Allgemeiner Aufbau der Fruchtknoten von Lamiaceae Der Fruchtknoten wird im allgemeinen von zwei Karpellen aufgebaut. Einzige Ausnahme ist Geunsia (Viticoideae) mit fünf (manchmal auch vier) Karpellen. Die Karpelle sind mit ihren 119 ______

äußeren Bereichen nach innen gerollt. Die Fruchtblattränder liegen vor der Mitte desselben Karpells. Dadurch entsteht ein vierfächriger Fruchtknoten (bei Geunsia zehnfächrig). Jedes Karpell trägt zwei Samenanlagen. Lamiaceae haben also einen vierfächrigen Fruchtknoten mit je einer Samenanlage pro Fach.

Abb. 3.31.: Allgemeiner Aufbau von Lamiaceen-Fruchtknoten.

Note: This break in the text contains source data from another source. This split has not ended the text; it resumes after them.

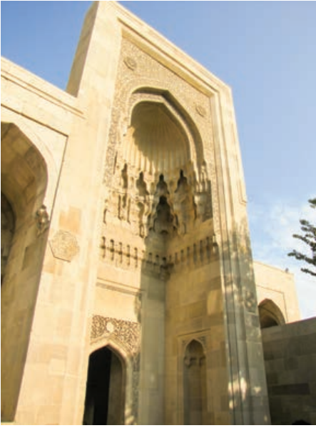
Şekil 7. Şirvanşahlar Sarayı, Portal

izler taşımaktadır. İçerişehar’i çevreleyen ve savunma sisteminin temelini oluşturan surların büyük bir bölümü 12. yüzyıldan günümüze ulaşmış olmakla birlikte, kentin simgesi olan ve günümüzde müze olarak kullanılan Qız Qalası ’nın (Kız Kulesi) ilk inşa tarihinin MÖ 6-7. yüzyıllara uzanabileceği düşünülmektedir. 1 Kent merkezinde Ortaçağ’dan günümüze ulaşan birçok cami, kervansaray ve hamamla birlikte, özellikle 18., 19. ve 20. yüzyıllarda inşa edilmiş konut yapıları yer almaktadır.
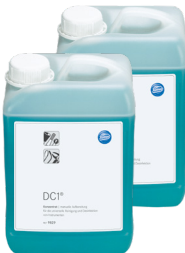
9829 (Двойная упаковка 2 x 3 л)
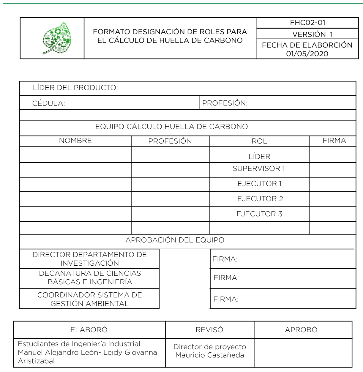
Figura 3. Formato designación de roles FHCO 2 -01
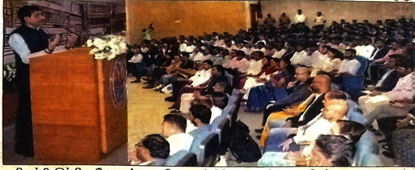
திருச்சி இந்திய மேலாண்மை நிறுவனத்தில் (ஐ.ஐ.எம்.) நடைபெற்ற தலைமை பண்பு குறித்த கருத்தரங்கில் கவர்னர் ஆர்.என்.ரவி பேசிய போது எடுத்தபடம்.

ஊழலை ஒழிக்க டிஜிட்டல் இந்தியா திட்டத்தை உருவாக்கினார்:
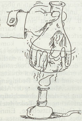
Cartoons aus Berlinerin 10/88
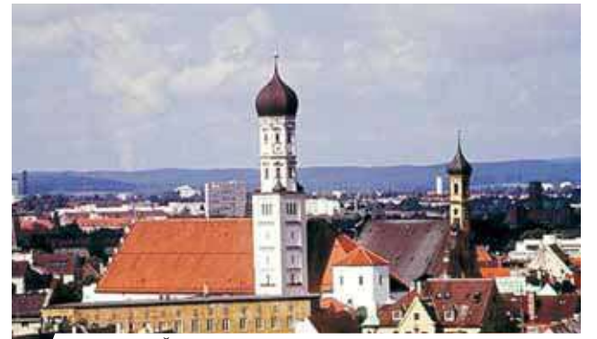
Augsburgo Šventojo Kryžiaus vienuolynas
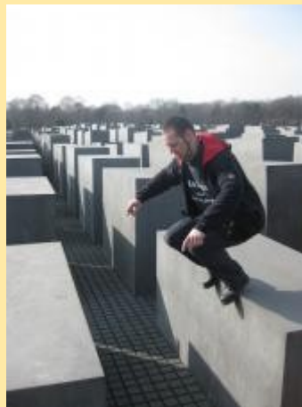
„springen gegen das vergessen“
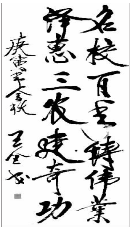
河南省政协主席王全书为信阳农专百年校庆题词
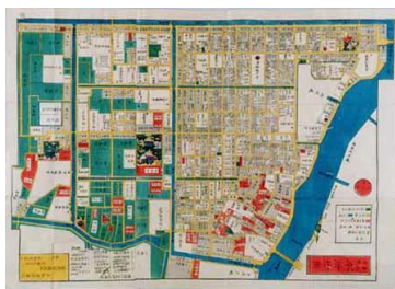
本所絵図 全
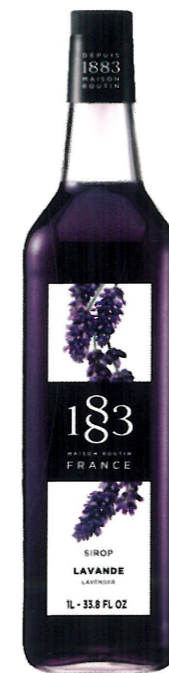
◊ LAWENDOWY 1136:12978
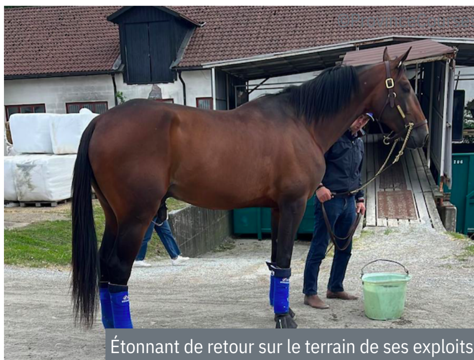
Étonnant de retour sur le terrain de ses exploits
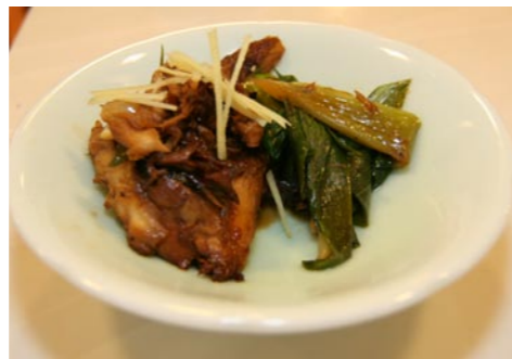
焼きサバと谷田部ネギの煮付け

(作り方) ①鍋に水を入れだし昆布をつけておく ②里芋の皮をむき適当な大きさに切る ③焼き麩を水で戻しておく ④シイタケ、かまぼこを薄切りにし、ニンジンは拍子切りにする。こんにゃくは熱湯で下湯し、細かい拍子切りにする ⑤①に火をかけ沸騰直前にかつお節を加える。沸騰したら昆布とかつお節を取り出す ⑥⑤に里芋、ニンジン、シイタケを加え、アクを取りながら煮る。柔らかくなったらこんにゃく、かまぼこ、焼き麩を入れ、薄口しょうゆ、塩を加える
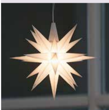
Благодаря гернгутерам у нас появилась гернгутерская звезда, которой мы украшаем наши церкви и дома в ожидании Рождества...

Саксонский граф Николай Людвиг фон Цинцендорф, который находился под влиянием пиетистских идей, пригласил в 1722 году моравских братьев – представителей преследуемой христианской евангелической деноминации – поселиться на землях своего имени недалеко от Циттау (Саксония). Основанное поселение получило название Гернгут. Гернгутерское объединение братьев было и остается сегодня одной из наиболее активных миссионерских Церквей в мире.
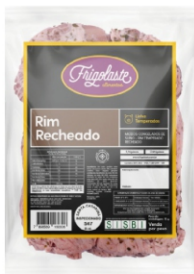
RIM SUINO RECHEADO CONG FRIGOLASTE
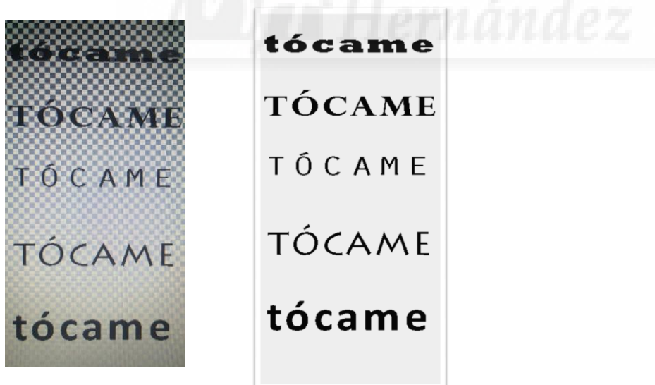
Fig. 12. Fotolitos para los telones pares.

Nos hemos planteado desarrollar el proyecto de manera sutil, con una representación formal estético-plástica. Nos interesa sobre todo el mensaje, y la Instalación Audiovisual nos parece determinante porque es un medio que llega a mucha más gente y permite su difusión tanto en salas, museos y galerías de arte como en espacios no convencionales.
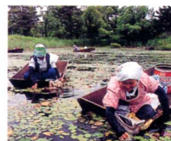
ジュンサイとりのようす

「福島県の広さは、日本で3番目で、面積のやく3分の2は山地です。県の北と西の山形県や新潟県のさかいに高い山々があります。」
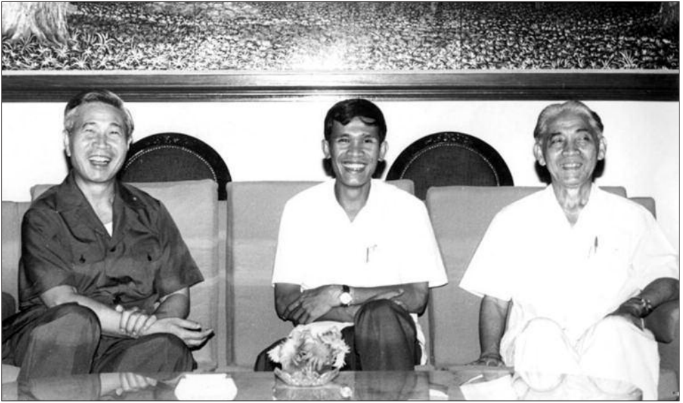
Bộ trưởng Bộ Ngoại giao Nguyễn Cơ Thạch dự Hội nghị Bộ trưởng Ngoại giao ba nước Đông Dương lần thứ 11 tại Phnôm Pênh (8-1985)
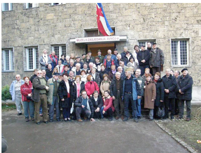
En sista bild.

AVNOJ Museet framstod i det ljuset som ett antifascistisk space of appearance där människor gick ut ur det privata och blev samhället. Men det som verkligen saknades i detta fall var just ett samhälle som fungerade enligt de idéer som kom i dagen under de många ceremonierna. I stället för att bli den process som gjorde människor till medborgare blev de till kritiker av det existerande politiska systemet. AVNOJ Museet blev på det viset en plats där minnet och den stora berättelsen om Titos Jugoslavien aktualiseras som fiktion. Men hade det också potentialer för en repolitisering?
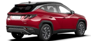
Sunset Red/ Phantom Black -katto (WRT)
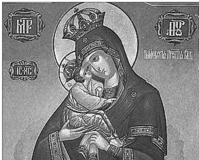
Почаевская икона Божией Матери
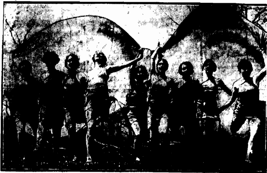
Zespół baletowy na ćwiczeniach porannych pod gołym niebem.
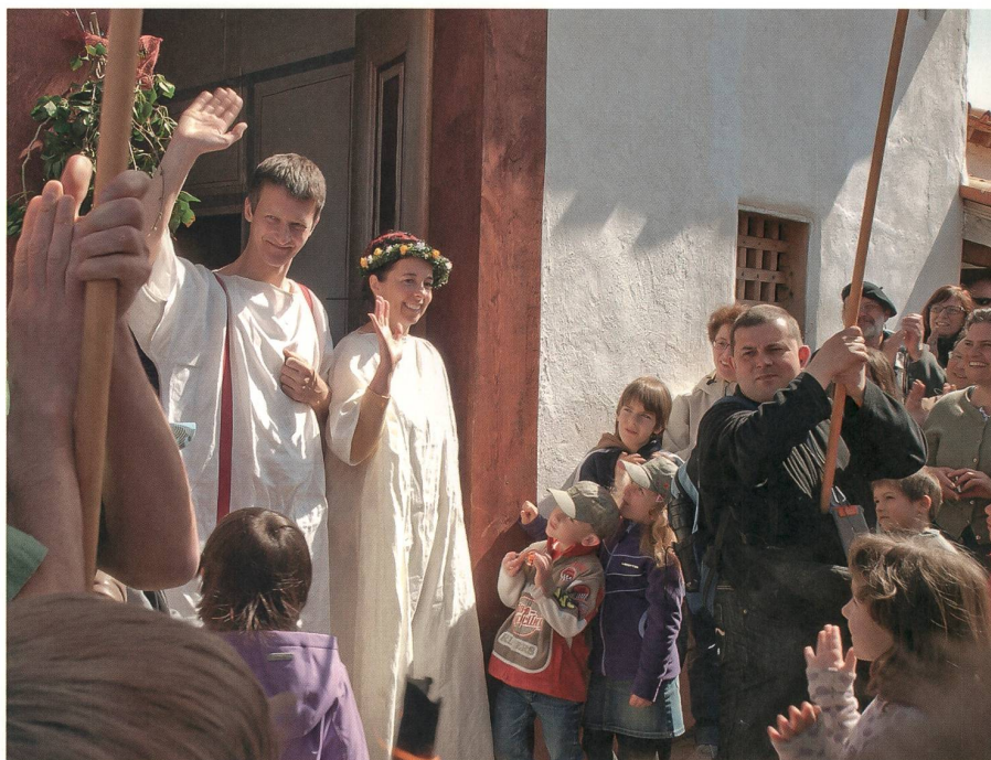
Römische Hochzeit.

Lupfig | Auf dem Flugplatz Birrfeld wird ein weite-ter Hangar für 1,95 Millionen Franken gebaut. Der Aero-Club Aargau bewilligt zusätzlich 0,82 Millio-nen für eine Photovoltaikanlage, die 141 500 kWh Strom erzeugen soll. – Der Backwarenhersteller Hiestand überrascht mit der Mitteilung, er verlage-re den Grossteil der Produktion von Lupfig an den Hauptsitz Schlieren: 194 von 324 Personen sind betroffen.
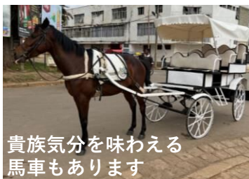
貴族気分を味わえる 馬車もあります
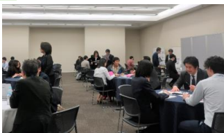
↓学生によるポスター発表
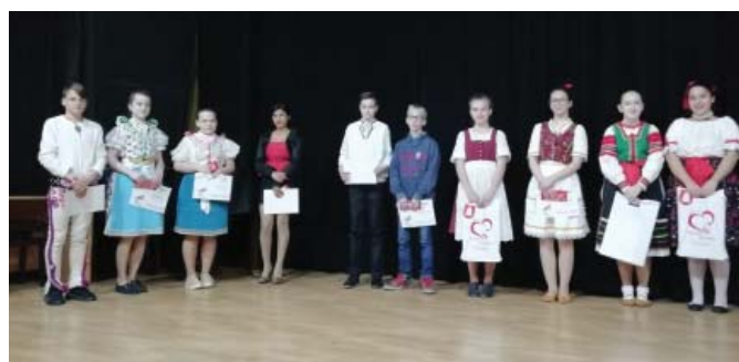
• Aj tento rok sa v Spišskej Belej konala žiacka spevácka súťaž ľudových piesní Beliansky slávik. Bolo viditeľné i počuteľné, že súťaž pre nich nebola len "povinná jazda", ale to, čo na javisku prezentovali a interpretovali, je pevnou súčasťou ich každodenného života.
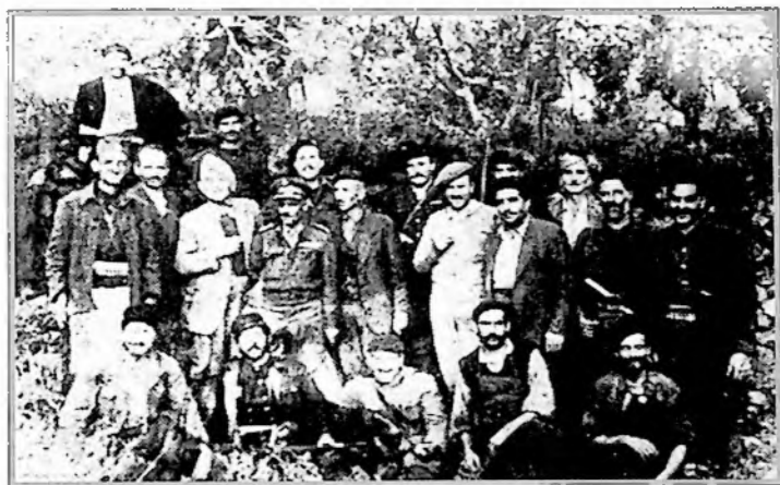
Ο στρατηγός Ν. Παπαδάκης, ο σμήναρχος Κελαϊδής και ο συνταγματάρχης Βαρδουλάκης, στο χωριό Παναγιά Κυδωνίας Χανίων, το 1944, ανάμεσα σε αντάρτες.

δυνάμεων για να προσφέρει ότι καλύτερο για την Πατρίδα και κατά την περίοδο που ήτανε στην κατεχόμενη Κρήτη, φαίνεται απ' ό,τι γράφουν γι' αυτόν οι προϊστάμενοί του:
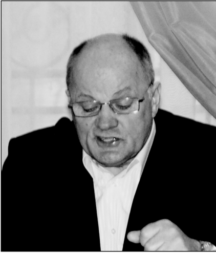
РЕСНТ ОЛЕКСАНДР ПЕТРОВИЧ, член-кореспондент НАН України, заступник директора Інституту історії НАН України, голова правління Спілки краєзнавців України
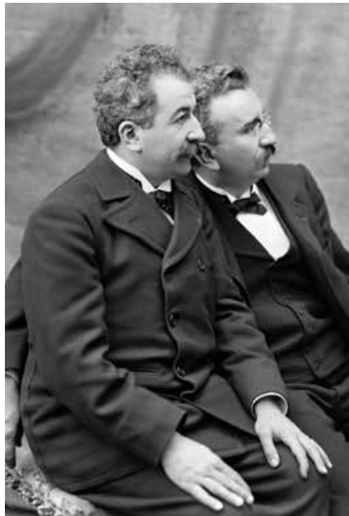
— Louis et Auguste Lumière
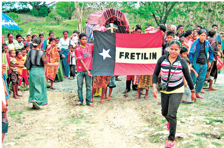
Foto 3. La bandera de FRETILIN aún es reconocida por los timorenses; en este caso, es presentada cuando el equipo forense de SCIT retornó a los familiares los restos identificados de una de las víctimas de 1999.

Como respuesta a la iniciativa de la ONU, y con el fin de acallar las aspiraciones independentistas de los timorenses, las fuerzas armadas indonesias propiciaron la formación de milicias integracionistas que, según el Equipo Argentino de Antropología Forense (EAAF), durante los meses previos a las votaciones, cometieron abusos e intimidación contra la población civil (EAAF, 1999; García, 1999).
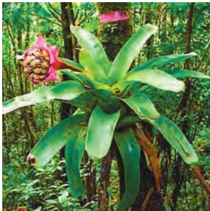
Эпифитные бромелии в тропическом лесу

Но все вопросы – ответы в порядке поступления. Тема требует нескольких слов общей информации, без которой не обойтись. Что же такое – бромелиевые, чем они так знамениты и почему заставляют неровно биться сердца цветоводов?
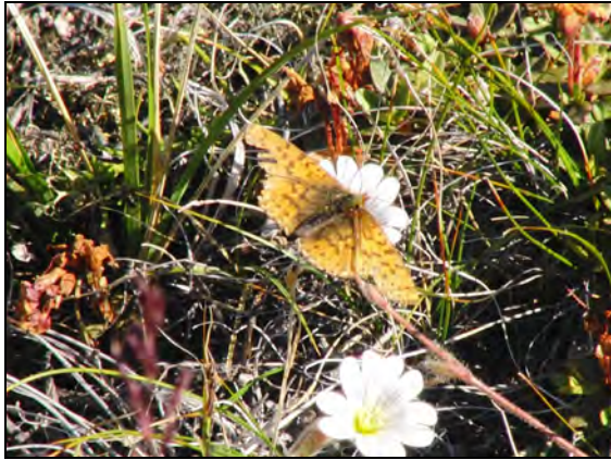
Abb. 2: Eine Art, die die Eiszeiten „überdauerte“, ist Clossiana chariclea .
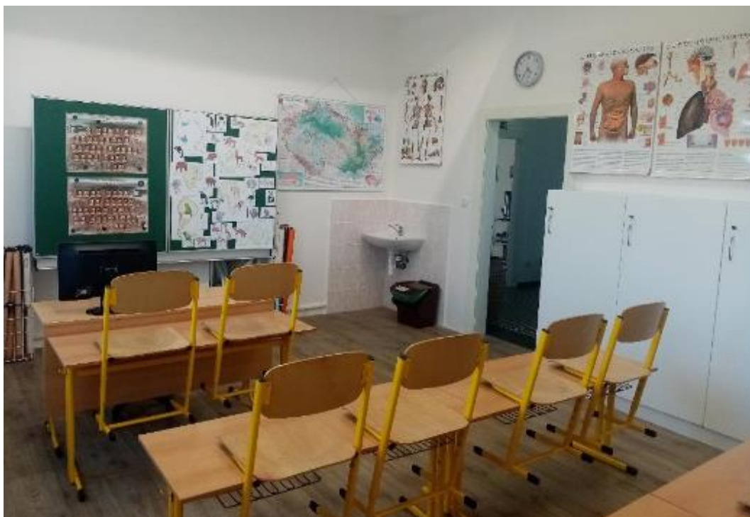
Bývalá sborovna přeměněna na multifunkční učebnu

Zvykem už se stala skutečnost, že přes letní prázdniny sice škola utichne křikem a smíchem dětí, ale živo je ve škole stále. Prázdniny se využívají k nutným opravám, údržbě a povinné výmalbě. Letos přišla na řadu výměna vstupních prosklených dvoukřídlých dveří hlavního vchodu a nová pokládky podlahové krytiny v chodbách. Dále se pokračovalo stěhováním. Místo sborovny se vybuďovala nová multifunkční učebna, určena především k dělení vyučovacíh hodin početného prvního a druhého ročníku. Pro pedagogický sbor se vybuďovala nová sborovna.
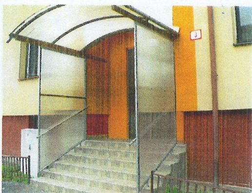
Detail vchodu č. 3
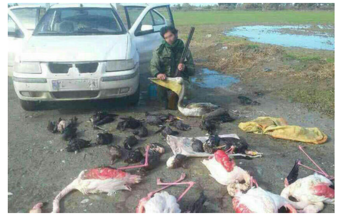
بازداشت عامل شکار پرندگان در استان گلستان
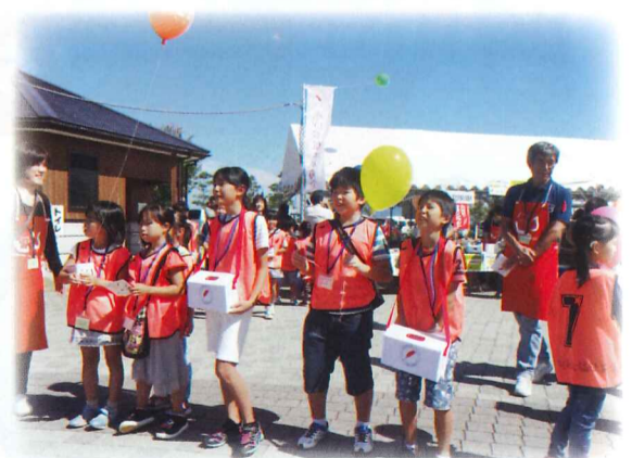
10月3日にうみんぴあフェスタでボランティア塾生による街頭募金を行いました。
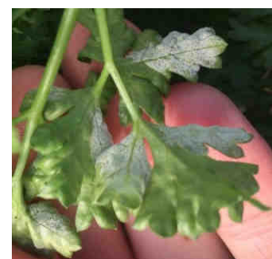
Mildiou sur persil

Nous recherchons des entreprises observatrices pour alimenter le BSV. Les cultures observées cette année sont :
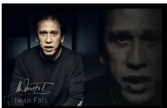
Gambar 2. Iwan Fals

Duduk dengan menyilangkan kaki (pergelangan kaki yang satu bertumpu pada lutut kaki yang lainnya) memberi kesan santai. Posisi duduk seperti ini biasanya dilakukan oleh laki-laki (khususnya laki-laki muda) untuk menunjukkan sisi maskulin atas gendernya sebagai seorang laki-laki. Posisi duduk ini berasal dari kebiasaan duduk para 'cowboy' terkait dengan gaya hidup dan penampilan mereka. Posisi duduk ini berasal dari barat yang mana dipopulerkan oleh Amerika Serikat dan negara-negara mid-west .
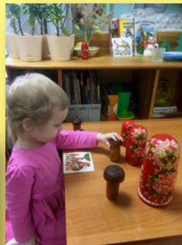
Д/и «За грибами»
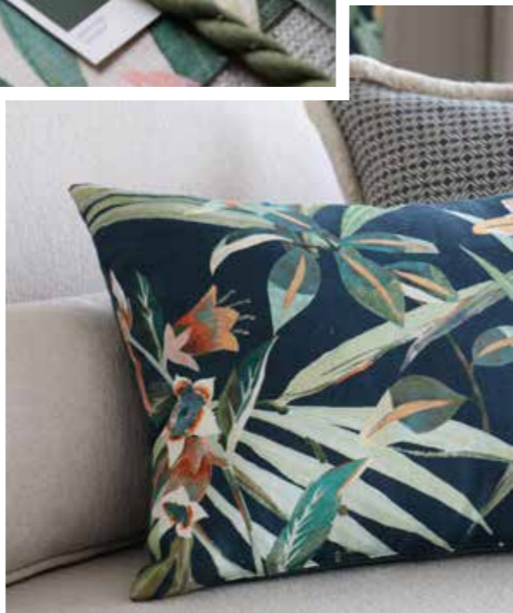
Canapé - Sofa | MALAGA - BELINO 424 Confection - Confectie - Curtains | GIARDINO 02 Coussins - Kussen - Cushions | GIARDINO 01 - 02
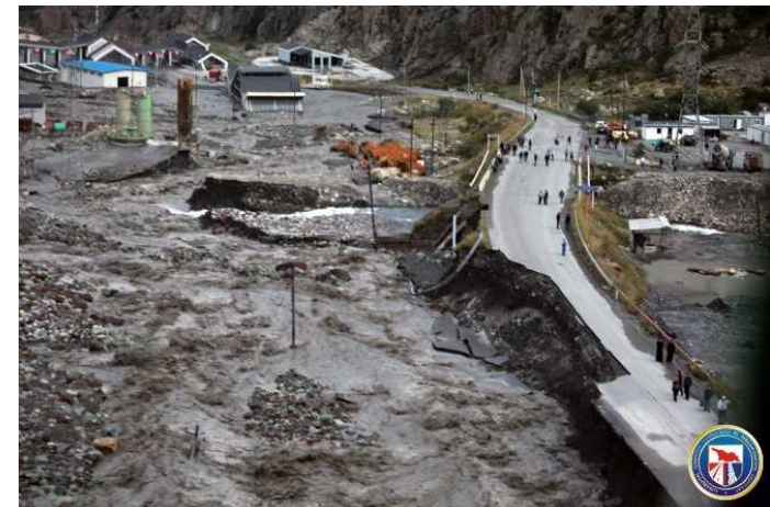
Debris Flow - military road - 2014 year 6 person died 土石流 - 軍事道路 - 2014年 3 6人が死亡しました
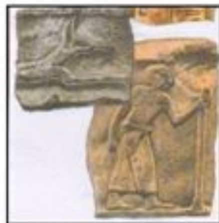
Письма в картинках
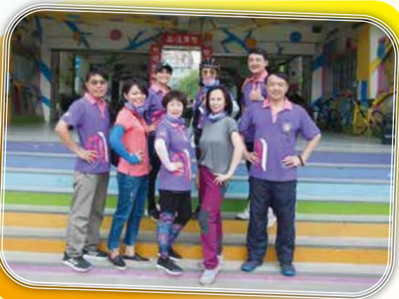
▲嘉油鐵馬追風行逗陣行

The Best Teammates of the Parent Teacher Association (PTA)
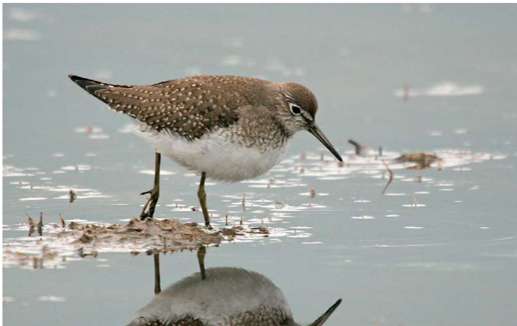
562 Solitary Sandpiper / Amerikaanse Bosruiter Tringa solitaria , Seaton, Devon, England, 14 October 2010 (David Hutton)
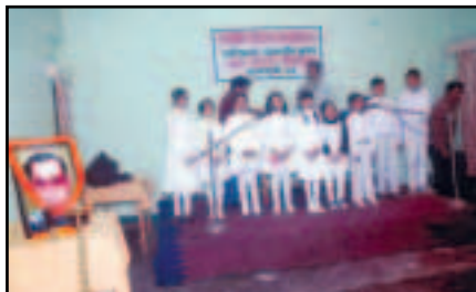
শিল্পী-দিৱসত কণ-কণ শিশুৰ সমবেত সঙ্গীত পৰিৱেশন

“শিল্পী মই তিনিও কালৰ অতীতৰ বৰ্তমানৰ অনাগত ভৱিষ্যৰ.... নানা ভাষা, নানা আশা নানা জাতি-বৰ্ণ জিনি মই শুনো বিগি বিগি বিশ্ব জনতাৰ এক অপূৰ্ব সঙ্গীত....”
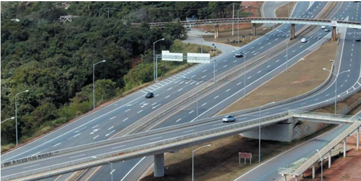
os cuidados devem começar antes mesmo da viagem, com a conferência dos documentos do veículo

Die Karpelle sind miteinander verwachsen, manchmal nur im äußeren Bereich des Fruchtknotens, meist aber über den ganzen Bereich, in dem sich die eingerollten Teile der benachbarten Fruchtblätter gegenüber liegen (Verwachsung im proximalen Bereich der eingerollten Fruchtblatteile). Eine vollständige Verwachsung der proximalen Bereiche bis hin zur Fruchtknotenmitte wurden als echte Scheidewände definiert und unter Merkmal 70 R kodiert. Die vor der Fruchtblattmitte aneinander grenzenden äußersten Bereiche der eingerollten Fruchtblatteile desselben Fruchtblattes können auch miteinander verwachsen sein (Verwachsung im distalen Bereich der eingerollten Fruchtblatteile). Dabei entstehen Plazentarwände als weitere Scheidewände (Merkmal 71 N). Der Fruchtblattmitte, die vom Hauptleitbündel durchzogen wird, kann unter Ausbildung einer falschen Scheidewand verdickt sein (Merkmal 72 R). Sie kann auch zur Fruchtknotenmitte hin eingezogen sein. Dann bilden sich die lobierten Fruchtknoten.

a b c d

Abb. 3.32.: Fruchtknoten mit (a) echter Scheidewand (Merkmal 70R); (b) Plazentarwand (Merkmal 71N) und (c) falscher Scheidewand (Merkmal 72R). (d) Lobierter Fruchtknoten.

120 ______

Die Fruchtblattränder oder die Außenseiten der eingerollten Fruchtblatteile können mit der gleichmäßigen, verdickten oder eingezogenen Fruchtblattmitte verwachsen sein. Die Fruchtknotenfächer sind dann völlig voneinander abgetrennt. Damit die Pollenschläuche dennoch in die Fächer einwachsen können, bleibt im oberen oder unteren Bereich des Fruchtknotens jeweils ein Kanal von der Griffelhöhle in die Fächer offen. Fruchtknoten mit tief eingesenktem Griffel sind durch Kanäle charakterisiert, die im unteren Bereich liegen. Als Vergleichsmaß für die tiefliegenden Kanäle diente die Insertionshöhe der Samenanlagen (Merkmal 73 N).

a b c

Abb. 3.33.: Eingerollte Bereiche der Fruchtblätter verwachsen mit den Fruchtblattmitten unter Ausbildung einer Griffelhöhle. (a) und (b) Verwachsung unterhalb der Plazentation der Samenanlagen (Merkmal 73 N); (a) Fruchtblattmitten verdickt (falsche Scheidewände); (b) Fruchtknoten lobiert; (c) Verwachsung oberhalb der Plazentation der Samenanlagen.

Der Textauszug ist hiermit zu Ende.